Für die meisten Hobbyanleger gilt hingegen: Die oft unsystematische Auswahl von Einzelaktien kombiniert mit großer Heimatliebe (Ökonomen sprechen vom „Home-Bias“) hat einen hohen Preis – und trägt viel zum angespannten Verhältnis der Deutschen zu Aktien bei. Capital ging daher der Frage nach: Wie viel „Deutschland im Depot“ tut Anlegern wirklich gut? Und wie vermeiden Privatinvestoren die Risiken, die wild zusammengewürfelte Depots und zu wenig Diversifikation bergen?

Das Zahlenrätsel

Mit Anlegern, weiß Hans-Joachim Karopka vom Kölner Rheingold-Institut, verhält es sich nicht anders als mit Kindern: Erfahrungen prägen das Verhalten. „Das kritische Urteil vieler Menschen über Aktien hängt mit den schlechten Erfahrungen zusammen, die sie in den vergangenen 20 Jahren gemacht haben“, sagt Karopka. Er untersucht in tiefenpsychologischen Interviews und Gruppendiskussionen die Einstellungen der Menschen zu Finanzthemen. „Wenn es um Aktien geht, finden wir in den Studien immer wieder, dass bei vielen Menschen – bewusst oder unbewusst – das Bild eines dramatischen Glücksspiels vorherrscht, bei dem man alles gewinnen oder alles verlieren kann“, sagt Karopka.

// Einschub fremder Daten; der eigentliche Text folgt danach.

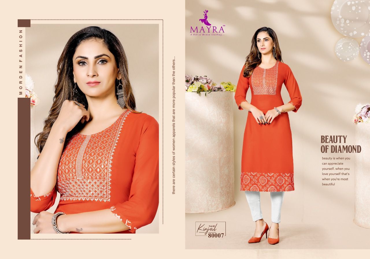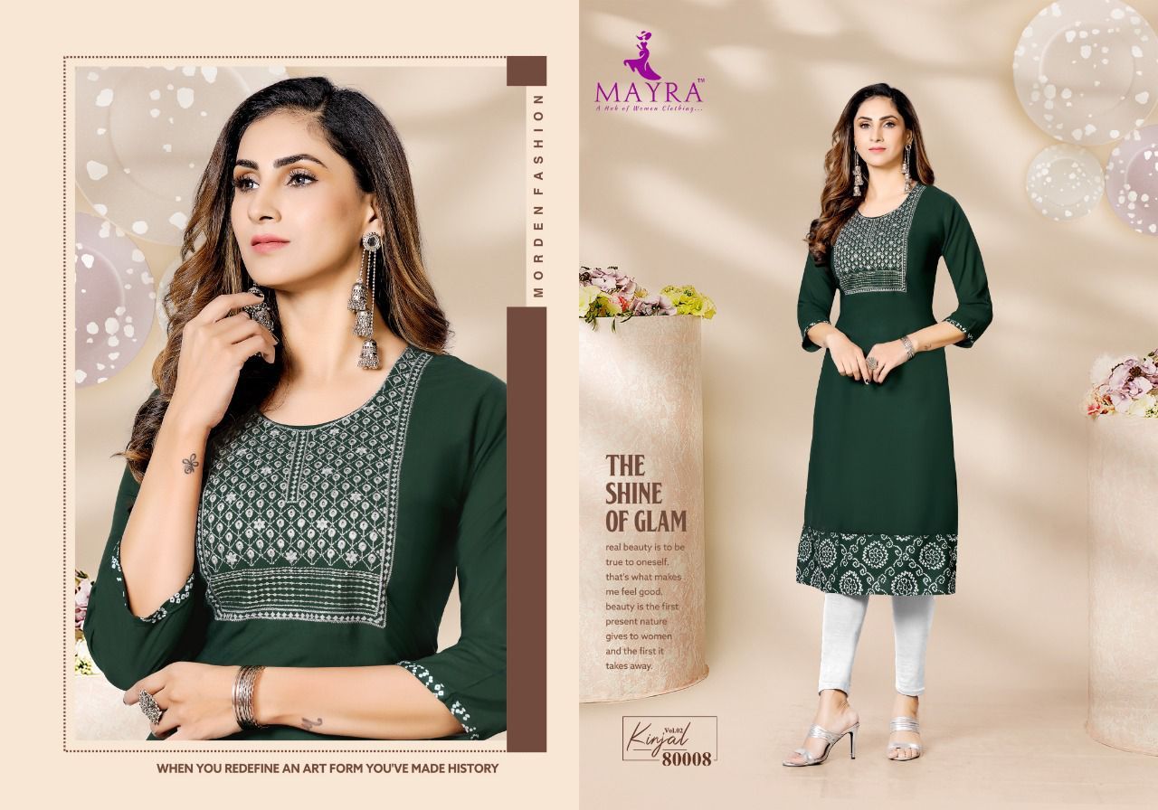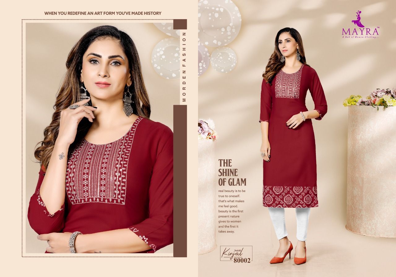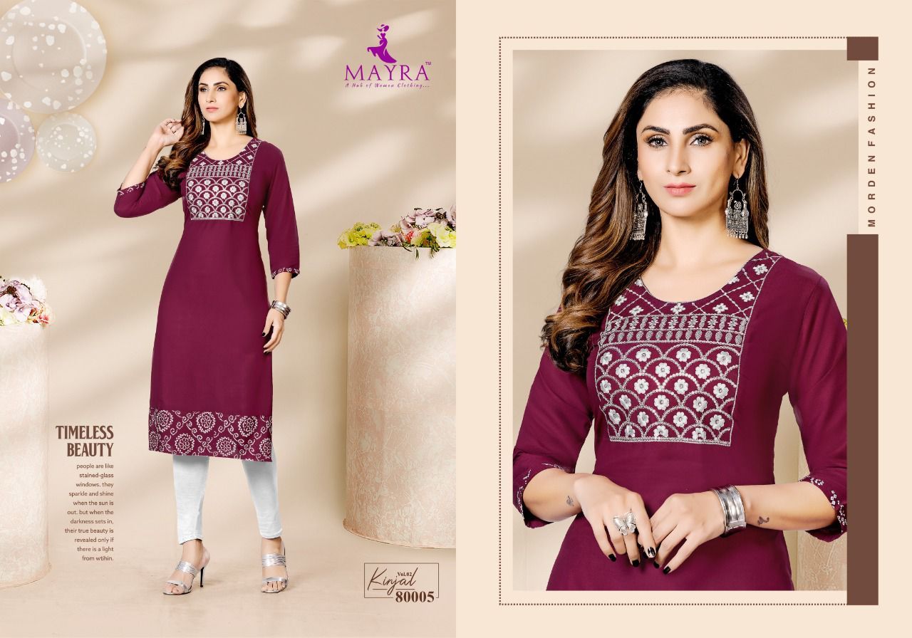 Kinjal Vol-2 Kurti By Mayra Designer With Work Rayon Kurtis Are Available At Wholesale Price

Auf den ersten Blick tut sich damit eine gewaltige Lücke auf zwischen subjektiver Einschätzung und den meisten Theorien zur Aktienanlage. Etwa jener, dass Aktien langfristig enorm rentabel sind. Oder zum Befund, dass deutsche Aktien in den vergangenen 50 Jahren im Schnitt rund neun Prozent Rendite pro Jahr geschafft haben. Dass sich der Aktienindex Dax seit 1988 annähernd verdreizehnfacht hat. Doch bei näherer Betrachtung schließt sich diese Lücke, erweist sich das Bauchgefühl vieler Anleger als gar nicht so falsch.

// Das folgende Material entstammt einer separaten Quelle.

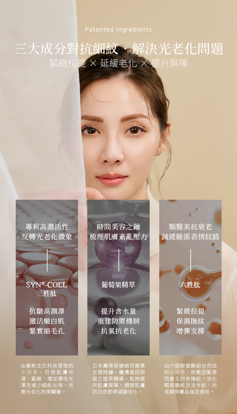 - 緊緻拉提|SYN®COLL、日本葡萄果萃取 、六胜肽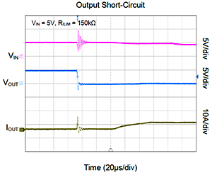 1、通過一個外接限流電阻,實現(xiàn)2A至5A限流門限設(shè)定,調(diào)節(jié)系統(tǒng)輸出的電流限制閾值,非常適合大電流應(yīng)用場合如PC、服務(wù)器、SSD驅(qū)動器和儀表類設(shè)備等。瞬態(tài)的輸出過電流不會觸發(fā)芯片保護(hù),避免系統(tǒng)波動而造成的宕機(jī)。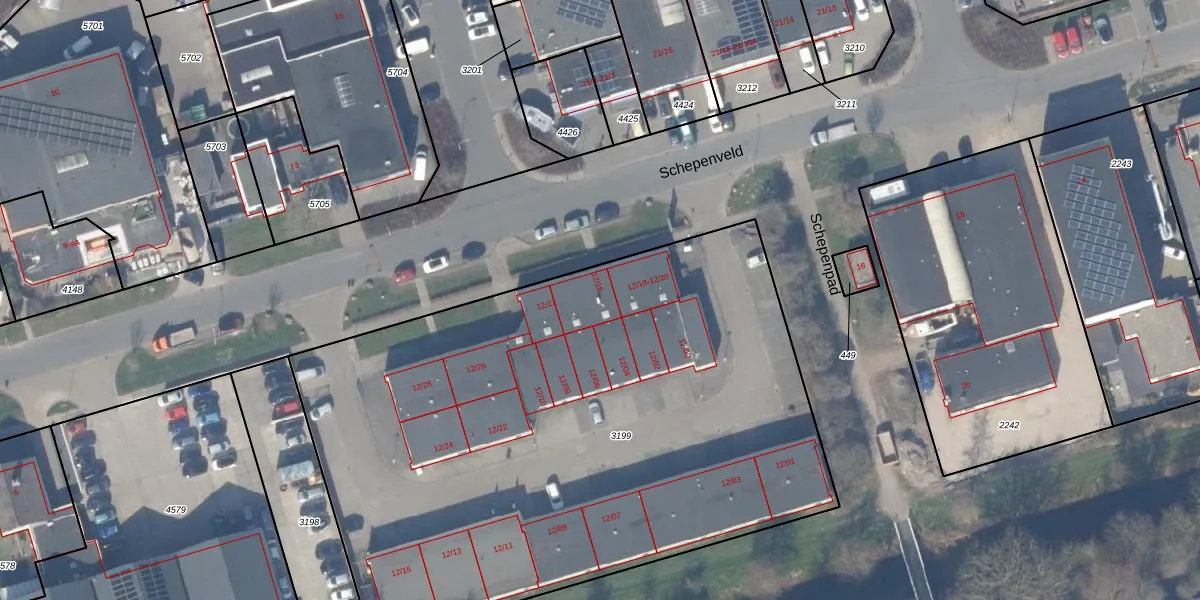 Het perceel waarop Schepenveld 12-16 staat heeft een oppervlakte van 4056 m². Dit is een zeer groot perceel. De perceeloppervlakte wordt geregistreerd door het Kadaster. Gedetailleerde informatie over de maten van dit perceel kunt u vinden in het rapport Kadastrale kaart met maatvoering van Schepenveld 12-16.

Am 1. Juli feiert der Dax seinen 30. Geburtstag. Aus den 1000 Punkten, mit denen er damals rückgerechnet startete, sind heute rund 12.600 Punkte geworden – er ist eine deutsche Erfolgsgeschichte. Blickt man jedoch in das Innenleben des Index, zeigt sich: Die Renditebeiträge sind höchst ungleich verteilt. Fünf der zwölf Aktien, die seit Gründung kontinuierlich im Dax vertreten waren, haben Gesamtrenditen für Anleger erwirtschaftet, die sich kaum von denen einer sicheren Anlage in Bundesanleihen unterschieden oder sogar darunter lagen: Commerzbank, Deutsche Bank, Daimler, Lufthansa und RWE.

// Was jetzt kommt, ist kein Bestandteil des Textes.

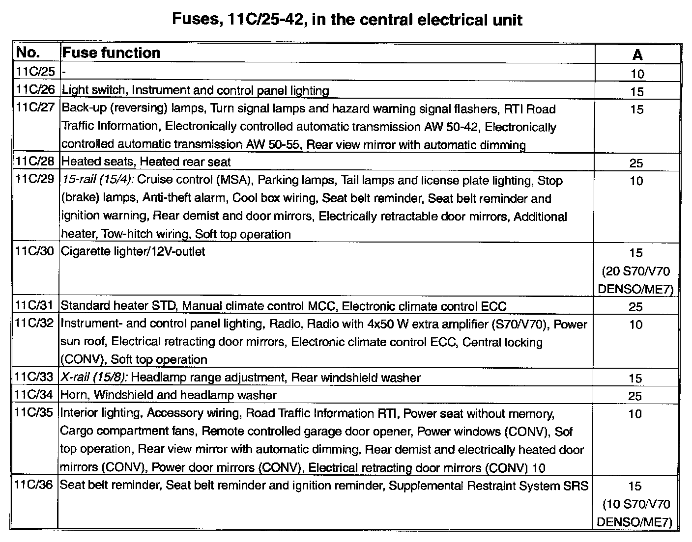 Fuses, 11C/25-36, In the central electrical unit:

Ihnen gegenüber stehen Überflieger, deren Werte inklusive Dividenden um das 16-Fache (Siemens), das 19-Fache (Bayer) oder gar das 36-Fache (BASF) gestiegen sind. Sie trieben den Index entscheidend voran.

Zudem zeichnet der Dax ein Zerrbild: Als sogenannter Performanceindex unterstellt er, dass Dividenden taggleich mit der Ausschüttung steuerfrei wieder angelegt werden – ein Kunststück, das kein Anleger privat schaffen kann. Die Dividende ist zwar ein elementarer Bestandteil der Aktienanlage. Der Börsenalltag der Kurse ist in der Regel aber trister, als der Dax suggeriert.